A tailored nitrogen-rich polymer for highly efficient and selective capture of gold from waste printed circuit boards

Achieving efficient and selective gold recovery from electronic waste is a desirable approach for the sustainable utilization of existing rare metal resources. In this study, an ingenious positively charged trap based on azole-functionalized polymer (CMCPS-IMZ) was strategically designed and synthesized via solvothermal method for the precise capture of gold complex ions. By incorporating nitrogen-containing heterocyclic groups onto the CMCPS surface, the porous structure and large surface area promoted the formation of gold-binding sites, thereby enhancing adsorption efficiency.
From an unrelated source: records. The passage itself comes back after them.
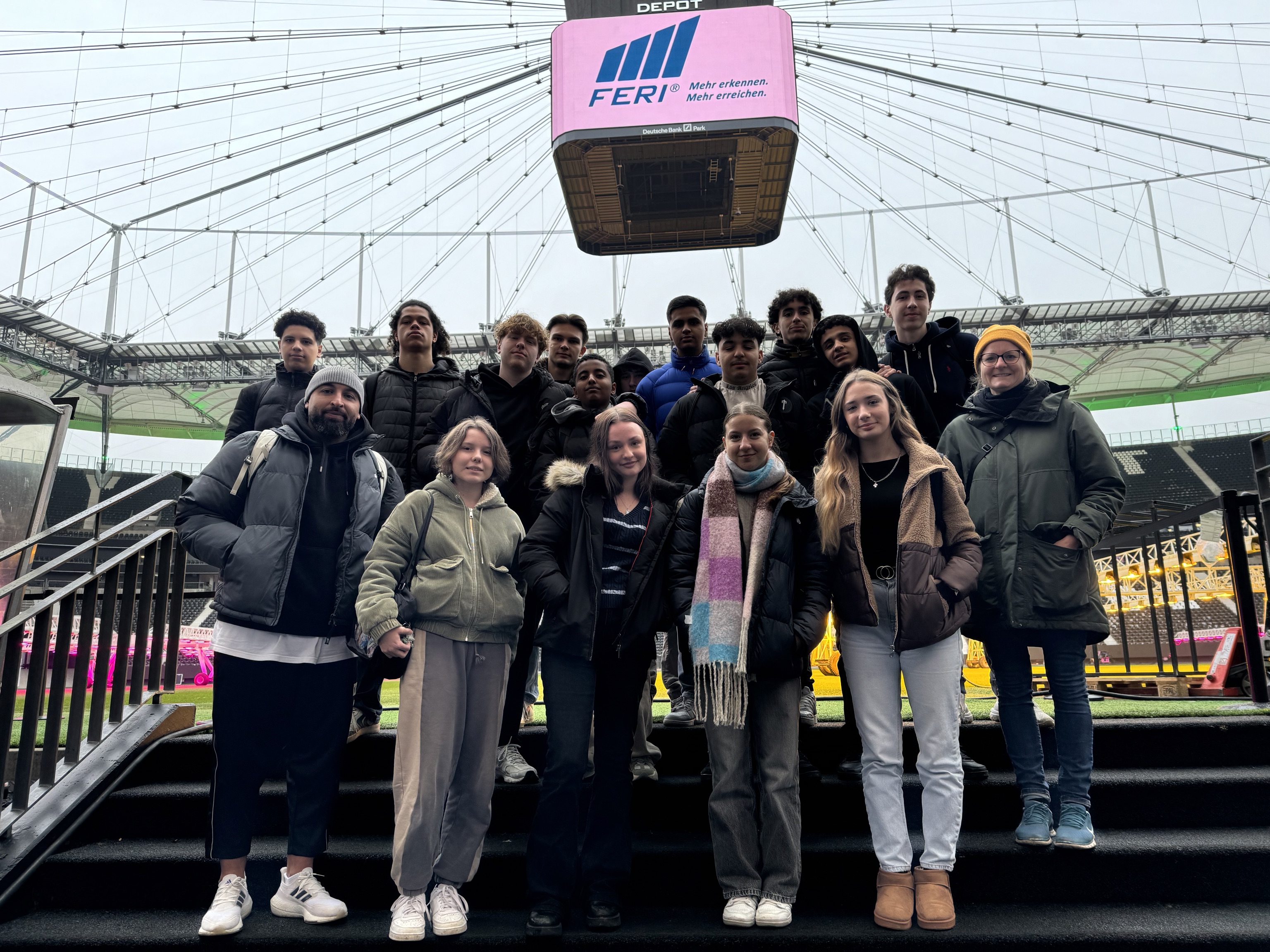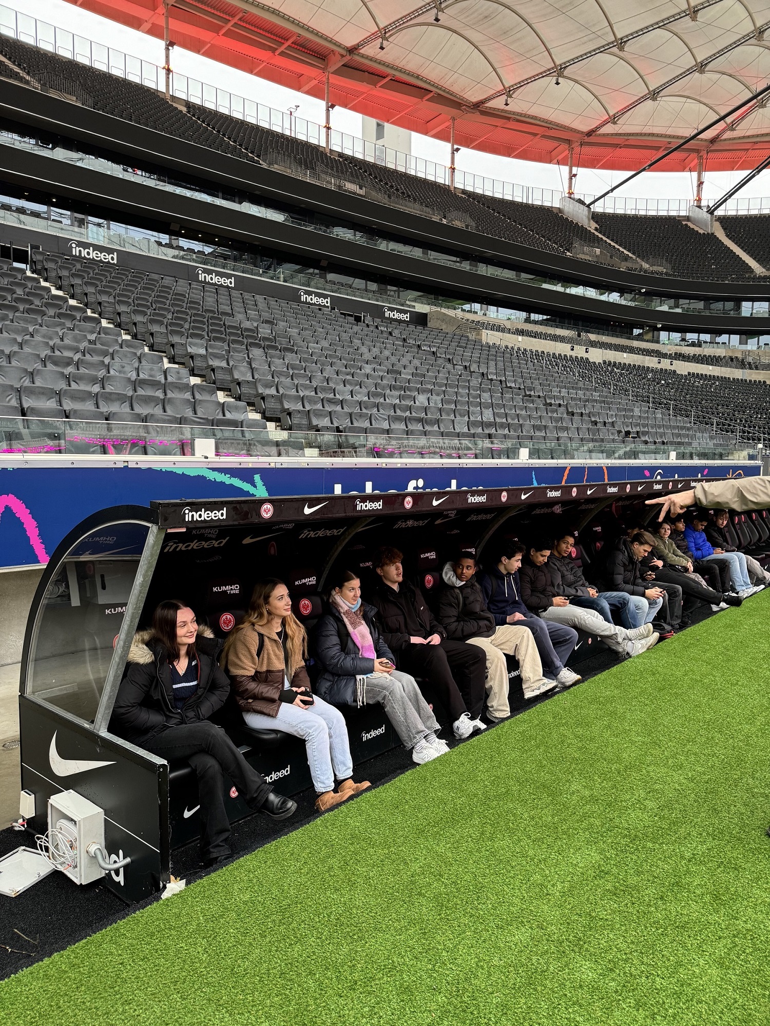 Im Rahmen unserer Unterrichtseinheit „Vereine in und um Frankfurt am Main“ hatten wir die besondere Gelegenheit, den Traditionsclub Eintracht Frankfurt näher kennenzulernen. Zusammen mit unserem Lehrer Herrn Belabidia besuchten wir am 14.11. die Deutsche Bank Arena.
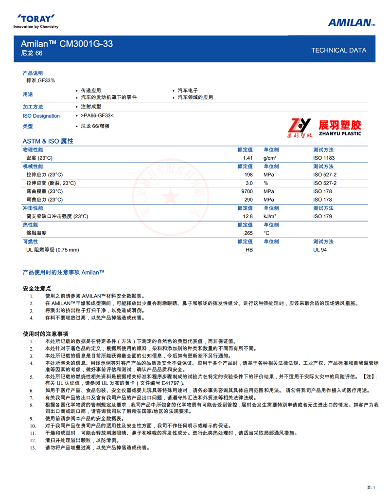PA66 東麗 Amilan CM3001G33(PA66-GF33)玻璃纖維含量33% 聚酰胺66
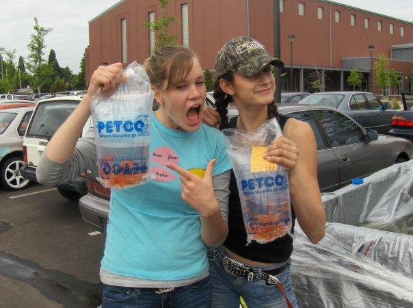 - The next prank was another car prank. A fun loving girl in the grade above us was dating one of our favorite auto shop partners named Ty. Ty had gotten poor Ali with some sort of prank so, in order to act the perfect revenge, she went to the best in the business: Katie and Lindsay. It took us quite a while and a lot of research to come up with the best plan for poor Ty but when we finally came up with it Unfortunate Teal (the name of his little Ford Ranger) never stood a chance. We planned the act during an off block and quickly went to work. We secured a large stretch of landscaping fabric to line the bed of his pickup. Then his friend Milan and I spent a good 20 truck loads hauling garbage cans full of water to his pickup. We decorated the bottom with river rock, put some swamp plants in and trailed them over the sides, floated a small cooler in the bag, put a fishing pole in the corner, and wrote “Gone Fishing” on the back window. That’s when Lindsay and Cory got back with the 200 feeder gold fish. Yes, we literally raised the stocks on Wall Street for feeder goldfish with one prank. We then hid in the swampy marshland on the outside of our parking lot while his carpool buddy Ip (okay his name was actually Phillip) sent Ty a text asking him if he could get his wallet out of the glove compartment of Unfortunate Teal because he had to return a book for a project at the library. He walked out…. and oh my gosh … the look on his face was beyond priceless. I remember cowering in the mud there, fist shoved in my mouth trying so hard not to give away our hiding spot by either busting out laughing or by wetting myself from laughing so hard. It was one of those moments where I couldn’t even look at my friends because I knew just one look at Lindsay and I would absolutely die in a fit of giggles. Unfortunate Teal became something of a celebrity that day. Pretty soon not a single car was parked around it in the parking lot and most of the school spent lunch break hanging around watching the fish and feeding them bread crumbs. Overall it was quite the riot! We even made a good deal out of it because we had brought boxes of Ziploc baggies and sold goldfish to people for a $1 a fish. Being feeder goldfish though, I knew they would be pretty quick to die because, besides the rare unicorn of the bunch, getting those suckers to live more than a week is virtually impossible. I will never forget though, how one of the many fish that died in the sun in the back of the pickup ended. It didn’t go down the gutter like the rest of the fish that didn’t make it through that day, Milan, in fact, SWALLOWED IT WHOLE ON A DARE! For lunch. He swallowed it whole for LOCAL BOYZ (but Local Boyz is pretty darn delicious). I still have that charming video, from a very old, poor quality flip phone, that I will always cherish as one of those quality high school memories.

Specifically, CMCPS-IMZ exhibited exceptional Au(III) adsorption performance, with a maximum loading capacity of 323.08 mg/g, following pseudo-first-order kinetics and Freundlich isotherm models. Theoretical calculations and experimental analysis suggested that the electrostatic interactions between the RNH⁺ group on CMCPS-IMZ and AuCl₄^- served as the primary driving force to realize the highly efficient gold recovery, as well as involved in weak intermolecular interactions. Furthermore, CMCPS-IMZ demonstrated remarkable stability over multiple adsorption–desorption cycles using 0.5 M SC(NH₂)₂ as the ideal eluent, underscoring its potential as a robust and sustainable platform for precious metals recovery. Notably, CMCPS-IMZ microspheres achieved a gold extraction efficiency exceeding 93.33 % even in the presence of high concentrations of interfering ions in actual e-waste leachate. This work provides valuable insights into the nature of ion affinity and selectivity, offering guidance for the rational design of advanced adsorbents with tailored binding sites for targeted ion capture.